I took the laptop to Best Buy and explained the problem to the tech there. He put in a CD and ran a program, and the DVD drive appeared in "My Computer." So I went home satisfied, but when I restarted the laptop, it was no longer there!

I tried reinstalling and uninstalling Magic Disc to try to fix it, but to no avail. I tried a full system recovery (reset to "original factory conditions") but the DVD drive still doesn't appear.

Someone pointed me to this article:
http://support.microsoft.com/default.aspx/kb/929461
*(Default)* is set to *DVD/CD-ROM drives*
*Class* is set to *CDROM*
Other keys listed are *ClassDesc*, *EnumPropPage32*, *IconPath*, *Installer32*, *NoInstallClass*, and *SilentInstall*, but I don't see *UpperFilters* or *LowerFilters*.

Can anyone help? Thanks


----------



## Elvandil (Aug 1, 2003)

Try both:

this reg file to do the same thing. Or CDGone Variant.


----------



## rmayan (Apr 15, 2008)

Thanks, Elvandil, but neither one worked (I rebooted after each, and it's still not there). Device Manager appears the same.


----------



## Elvandil (Aug 1, 2003)

What drivers does the drive load? Look in the drivers section in its properties in Device Manager?

What error is listed?


----------



## rmayan (Apr 15, 2008)

Elvandil, I don't see a listing for CD/DVD drive devices in the Device Manager, at all - my guess is that if it was working properly it would be listed under *DVD/CD-ROM devices*, like on the XP desktop. So it's like Vista doesn't know that there's a DVD drive connected at all.

I clicked "Scan for new hardware" but it didn't detect it.


----------



## Elvandil (Aug 1, 2003)

OK. So we are talking a bit deeper. If they are IDE devices, go down lower in the Device Manager to your IDE controller. Make sure both channels are enabled.
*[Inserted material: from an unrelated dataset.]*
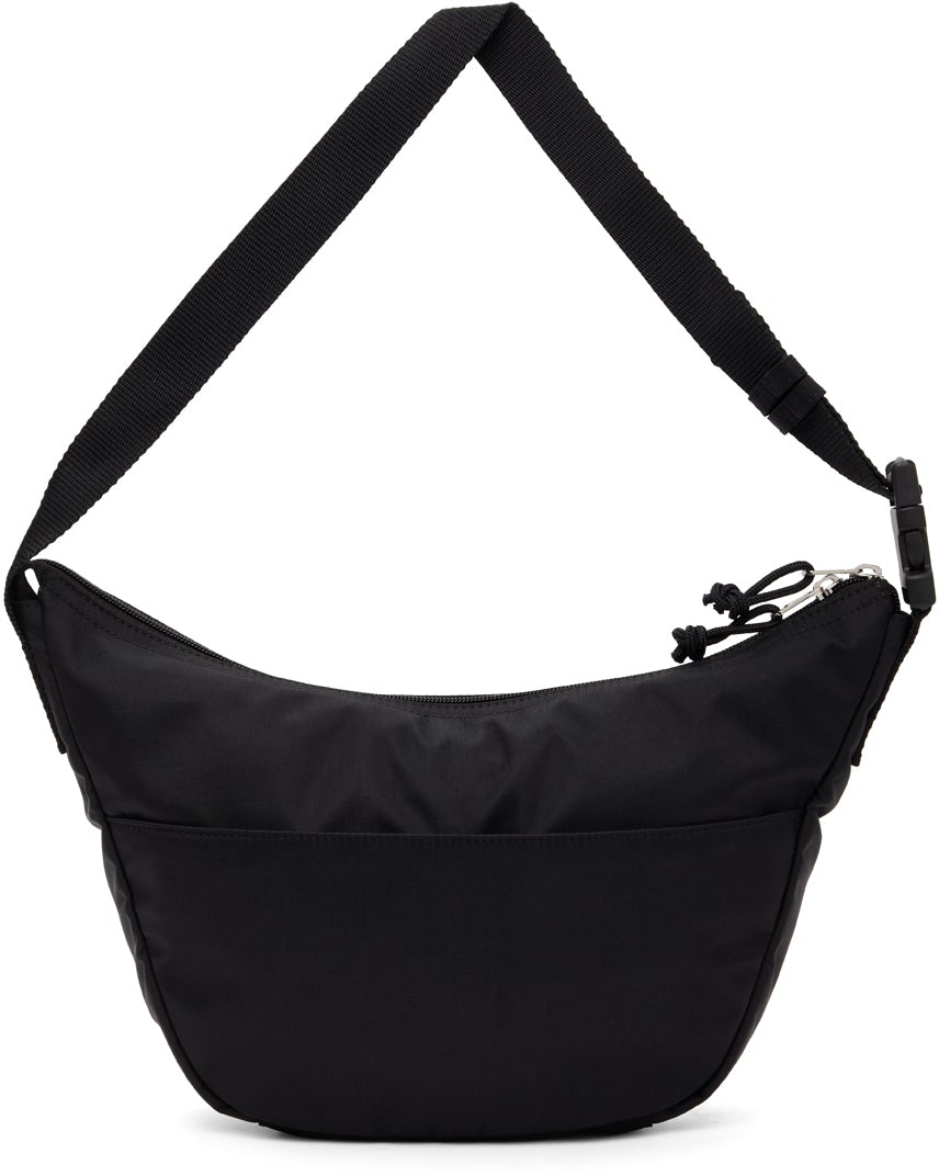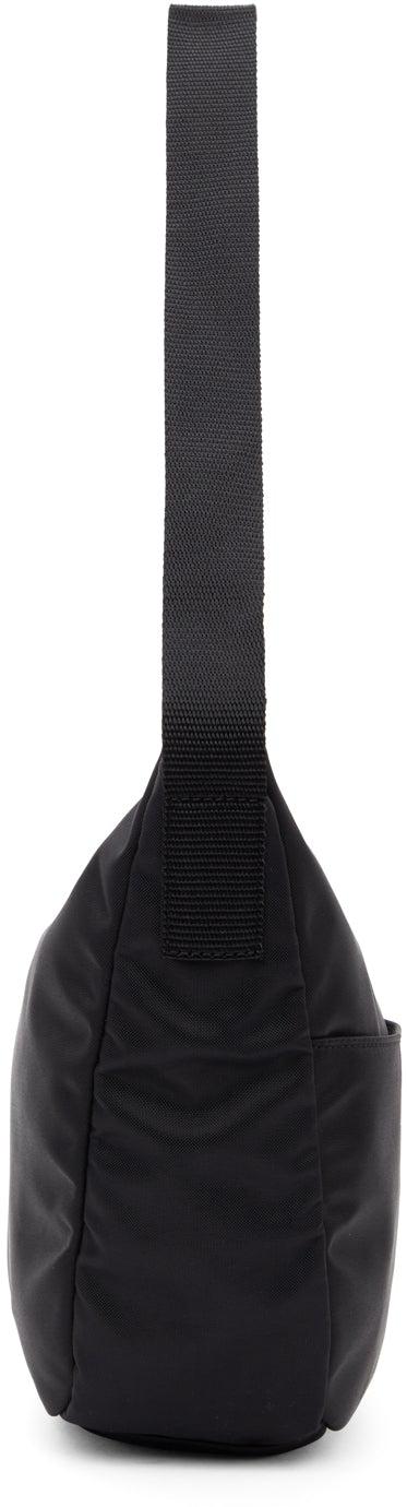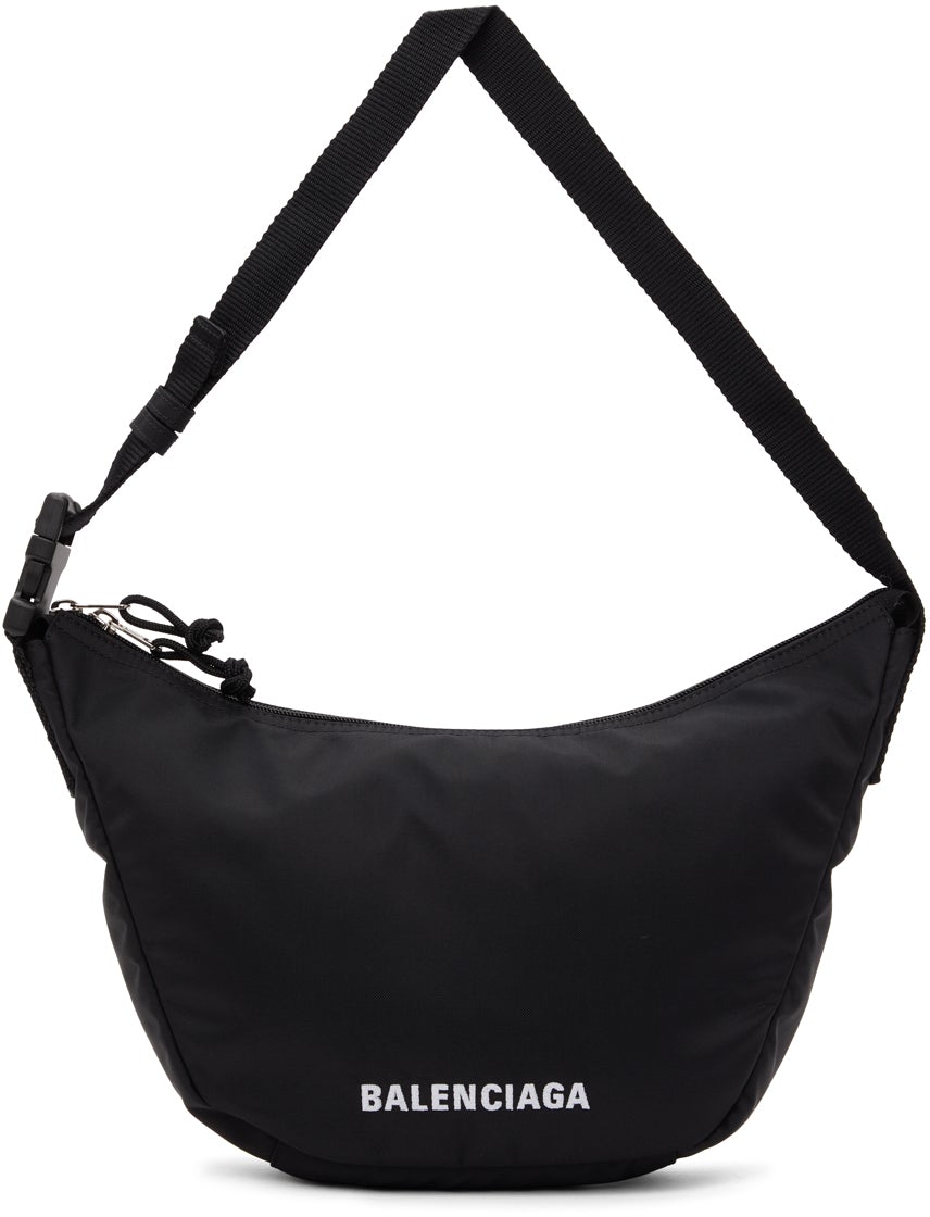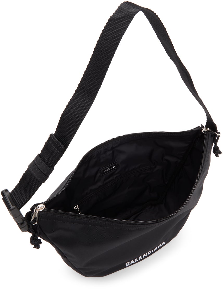 Recycled nylon satin shoulder bag in black. Adjustable tonal webbing shoulder strap with press-release fastening. Logo embroidered in white at face. Patch pocket with magnetic fastening at back face. Two-way zip closure. Tonal embossed leather logo patch and zippered pocket at interior. Tonal textile interior. Silver-tone hardware. Approx. 14.5 length x 8 height x 3.5 width. Supplier color: Black Textile. Brand: Balenciaga

Then look in the BIOS on boot and see if the drives are there. Be sure they are set to be autodetected.


----------



## rmayan (Apr 15, 2008)

I do not know the model of the DVD drive or whether it is connected through IDE or other, but both ATA Channels 0 and 1 are enabled and reported to be working properly by the Device Manager.

I will reboot now and look in the BIOS.

--

I don't see the DVD drive mentioned in there (PhoenixBIOS), except under *Boot Options* => *Boot Order* as *ATAPI CD/DVD ROM Drive*.


----------



## Elvandil (Aug 1, 2003)

OK. It's probably a SATA drive, then. 

Is your system drive IDE or SATA?


----------



## rmayan (Apr 15, 2008)

By that I take it you mean the hard drive. It is a WD1600BEVS, connected through SATA.

--

In fact, I can't find anything about the DVD drive except that it is a Lightscribe-enabled optical drive (but that's in the Start menu anyway).


----------



## Elvandil (Aug 1, 2003)

No, I mean the CD-ROM. But if your hd is SATA, then the SATA drivers are already loaded for the CD-ROM.
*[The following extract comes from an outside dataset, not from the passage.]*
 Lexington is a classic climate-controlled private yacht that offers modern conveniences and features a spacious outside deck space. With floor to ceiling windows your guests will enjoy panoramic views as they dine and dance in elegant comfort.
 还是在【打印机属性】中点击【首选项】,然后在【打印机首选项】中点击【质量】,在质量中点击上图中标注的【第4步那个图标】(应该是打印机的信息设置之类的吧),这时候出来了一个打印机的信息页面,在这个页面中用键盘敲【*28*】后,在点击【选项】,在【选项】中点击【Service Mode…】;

Does it show any life, spin when you insert a CD or the drive light flash on boot or when in use?


----------



## rmayan (Apr 15, 2008)

Yes, when I insert a CD the drive spins and the light on the side flashes, but nothing happens in Windows.


----------



## Elvandil (Aug 1, 2003)

Do you have any bootable CD's or a copy of XP? If the drive will boot, then we would know that it was Windows and not the drive (though you may need to go into BIOS setup and make booting from CD earlier than hd boot).


----------



## rmayan (Apr 15, 2008)

I inserted a Linux LiveCD, rebooted, checked boot options (CD above hard disk), only option is to boot from hard disk. I tried with a different LiveCD but it just loaded Vista again.


----------



## monica888 (May 16, 2008)

hey i have the exact same problem in my HP pavillion laptop as yours. ( Atapi CD/DVD ROM not getting detected in device manager & my computer but working in BIOS ).
did you find a fix for it?? ( if u did plz mail me at [email protected] and share it with me too!!
thanks a lot...
cheers,


----------